ASSIGNMENT - For each entry below, copy the text exactly and leave out any picture.

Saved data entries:
== == ==
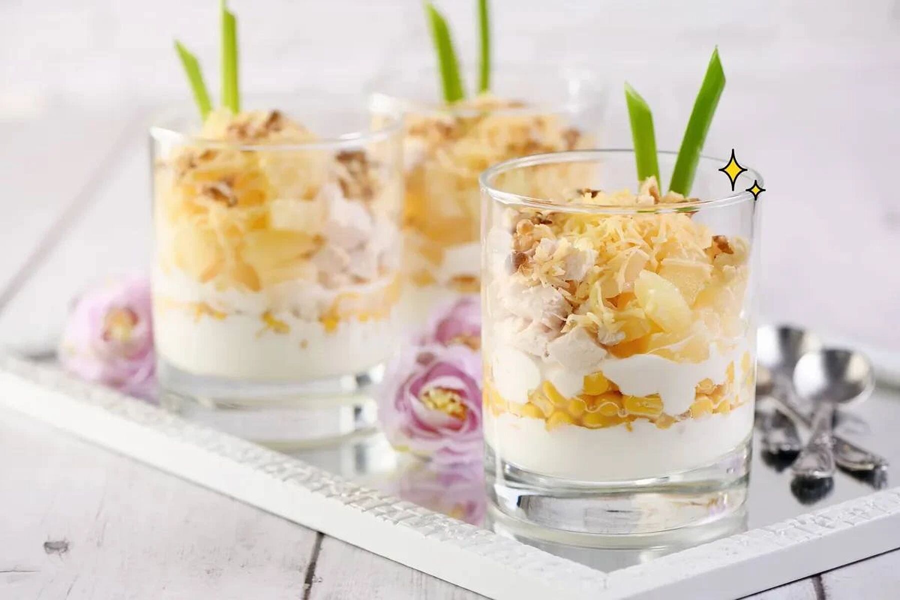 Сварите филе, отсудите и нарежьте небольшими кубиками или соломкой. Слейте жидкость из банки с ананасами, нарежьте их кубиками. Натрите сыр на терке. В небольшую миску налейте майонез и выдавите туда чеснок, перемешайте. Выложите курицу, ананасы и сыр в салатник, полейте соусом. Добавьте специи по вкусу.
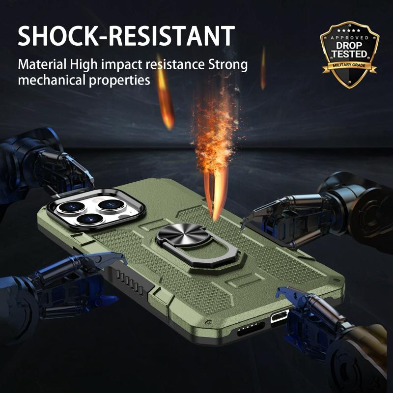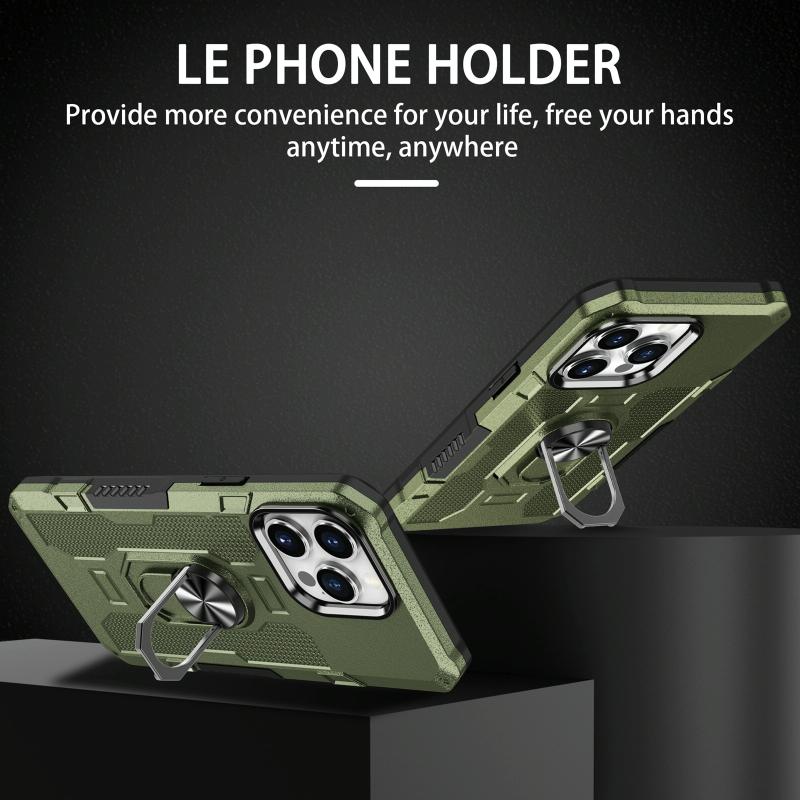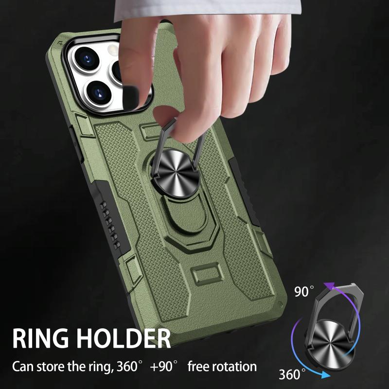 For iPhone 12 Pro Max Ring Holder Armor Hybrid Phone Case(Green)
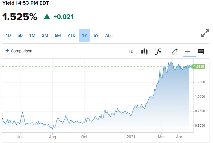 The Canadian 10-year bond rose 2 basis points to 1.525%, and its US equivalent was unchanged at 1.559%. The pandemic high close for the Canadian bond was 1.607% on March 18 and for the US 1.746% on March 31.
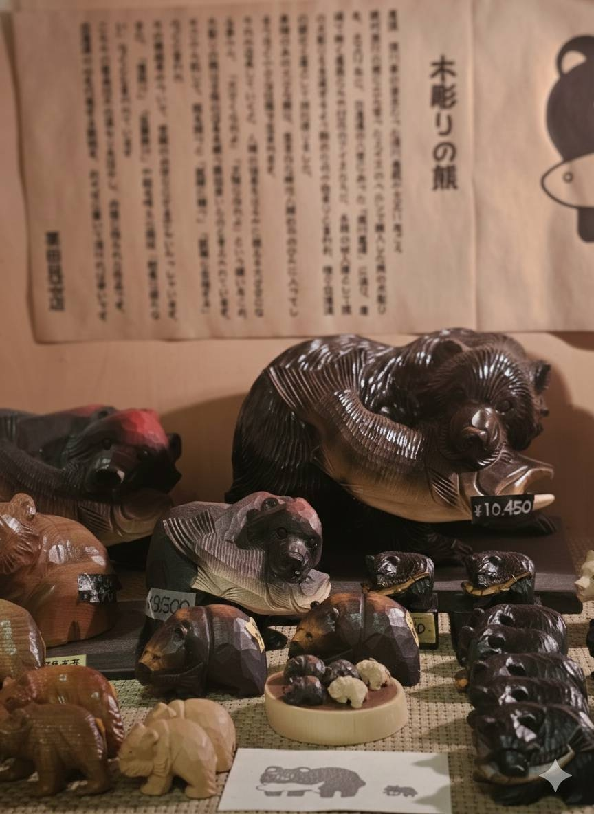 力強く鮭を咥えた伝統的な姿から、掌に収まる愛らしいサイズまで。職人がノミ一本で彫り上げた毛並みの質感や、一頭ごとに異なる表情は、まさに芸術品。背後に掲げられた店主の解説が物語るように、その一つひとつに、北海道の開拓史と職人の魂が息づいています。
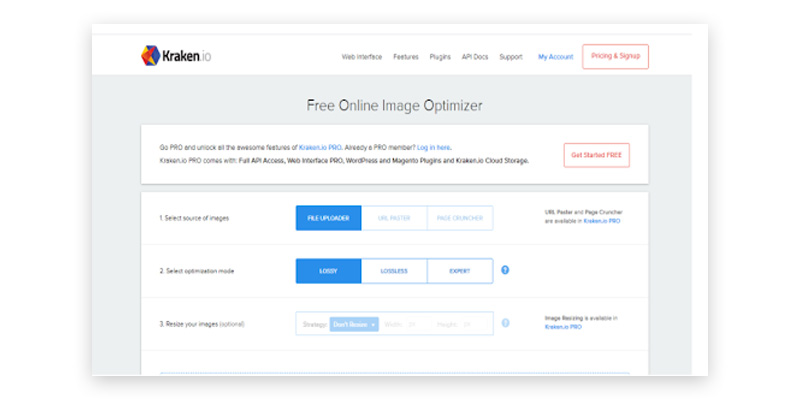 3. Kraken.io --- “optimize your files for lowest file size”
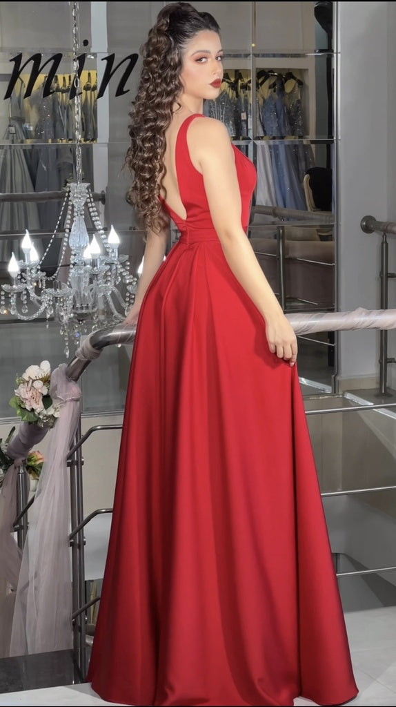Deep V-Neck Straps Sleeveless Satin Pleated Floor-Length High Slit A-Line Prom Dress - Red ist auf Lager und wird versandt, sobald es wieder verfügbar ist
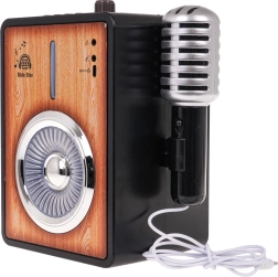 Dětský karaoke zesilovač přináší skvělou kombinaci hudby, světel a herních funkcí. Ovládací tlačítka jsou přehledná, hlasitost nastavíte otočným knoflíkem a po zapnutí přivítá děti veselá melodie se světelnou show. Připojte mikrofon, zapněte rockové písničky nebo dětské melodie a show může začít.
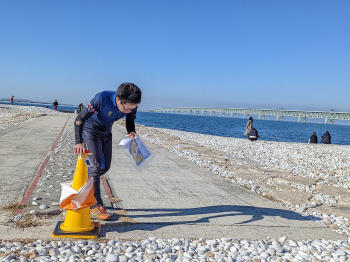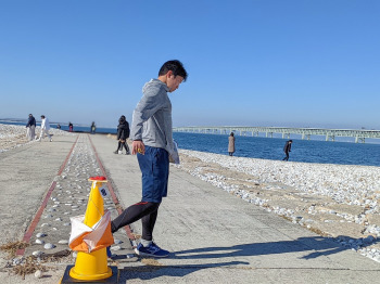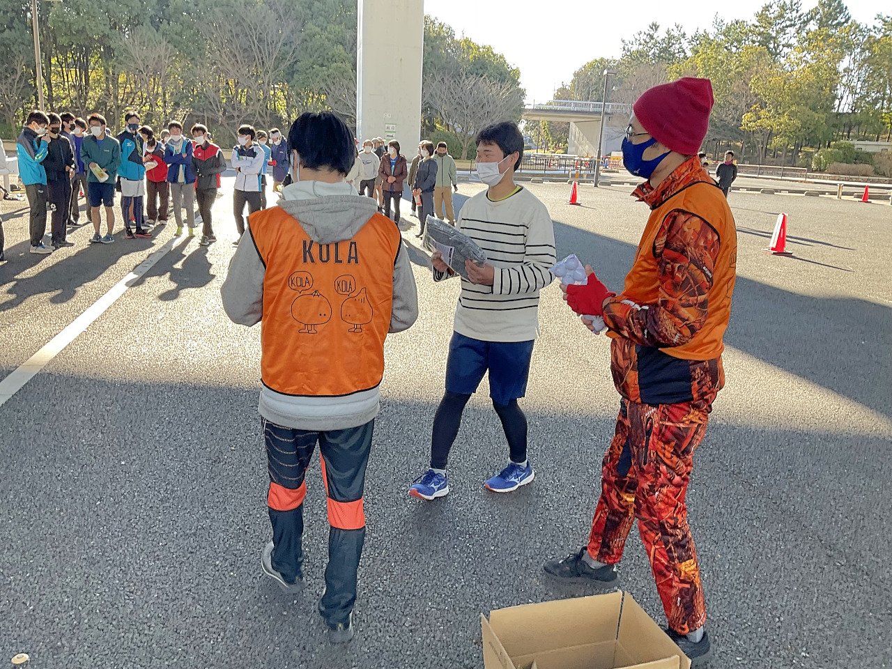 | 今日は、天候が抜群。 いいレースが期待できそうです。 大会に先立ち、村本くんに KOLAトリムを進呈。 ようやく渡せました。 KOLA入会は、大歓迎です。 新入会員にはトリムをプレゼントしています。 |
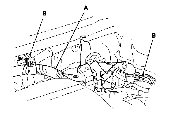 2. Disconnect the vacuum hose (A) from the brake booster (B).
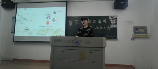活动开始,主持人向在座同学们介绍清明节的起源,和同学们共同讨论清明节习俗,并通过讲述革命先烈的故事,引导同学们在慎终追远、缅怀先辈的情怀中认知传统、尊重传统、继承传统、弘扬传统。
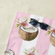 This pink and white striped bride beach towel has tropical pina colada drinks served up in a pineapple with an orchid flower and can be personalized with a name and bridal party title by clicking "personalize this template."
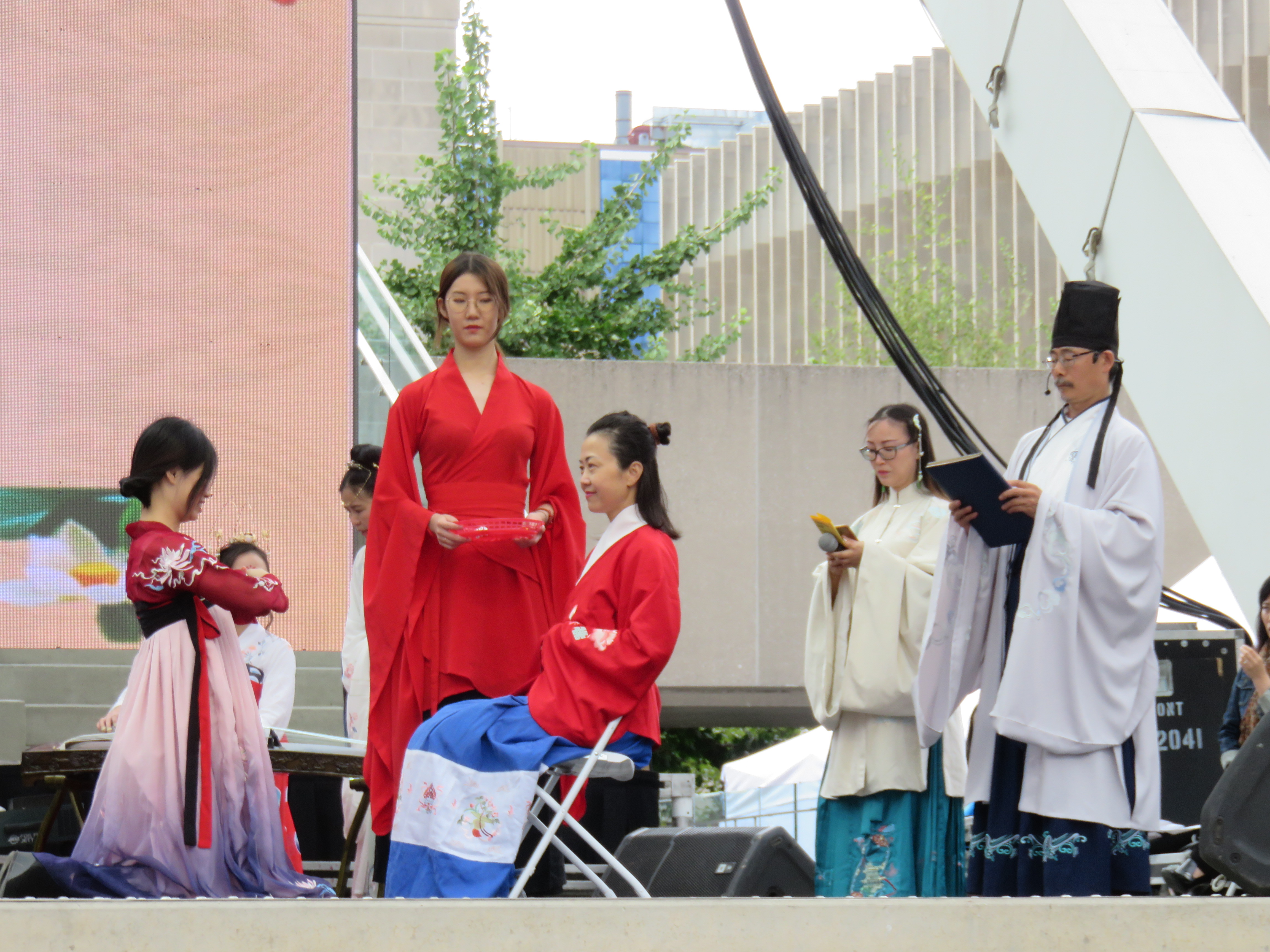 演员穿着汉服进行了拜师礼和成人礼的演示。
== == ==
FINISHED EXERCISE -
 Сварите филе, отсудите и нарежьте небольшими кубиками или соломкой. Слейте жидкость из банки с ананасами, нарежьте их кубиками. Натрите сыр на терке. В небольшую миску налейте майонез и выдавите туда чеснок, перемешайте. Выложите курицу, ананасы и сыр в салатник, полейте соусом. Добавьте специи по вкусу.
 For iPhone 12 Pro Max Ring Holder Armor Hybrid Phone Case(Green)
 The Canadian 10-year bond rose 2 basis points to 1.525%, and its US equivalent was unchanged at 1.559%. The pandemic high close for the Canadian bond was 1.607% on March 18 and for the US 1.746% on March 31.
 力強く鮭を咥えた伝統的な姿から、掌に収まる愛らしいサイズまで。職人がノミ一本で彫り上げた毛並みの質感や、一頭ごとに異なる表情は、まさに芸術品。背後に掲げられた店主の解説が物語るように、その一つひとつに、北海道の開拓史と職人の魂が息づいています。
 3. Kraken.io --- “optimize your files for lowest file size”
Deep V-Neck Straps Sleeveless Satin Pleated Floor-Length High Slit A-Line Prom Dress - Red ist auf Lager und wird versandt, sobald es wieder verfügbar ist
 Dětský karaoke zesilovač přináší skvělou kombinaci hudby, světel a herních funkcí. Ovládací tlačítka jsou přehledná, hlasitost nastavíte otočným knoflíkem a po zapnutí přivítá děti veselá melodie se světelnou show. Připojte mikrofon, zapněte rockové písničky nebo dětské melodie a show může začít.
 | 今日は、天候が抜群。 いいレースが期待できそうです。 大会に先立ち、村本くんに KOLAトリムを進呈。 ようやく渡せました。 KOLA入会は、大歓迎です。 新入会員にはトリムをプレゼントしています。 |
 2. Disconnect the vacuum hose (A) from the brake booster (B).
活动开始,主持人向在座同学们介绍清明节的起源,和同学们共同讨论清明节习俗,并通过讲述革命先烈的故事,引导同学们在慎终追远、缅怀先辈的情怀中认知传统、尊重传统、继承传统、弘扬传统。
 This pink and white striped bride beach towel has tropical pina colada drinks served up in a pineapple with an orchid flower and can be personalized with a name and bridal party title by clicking "personalize this template."
 演员穿着汉服进行了拜师礼和成人礼的演示。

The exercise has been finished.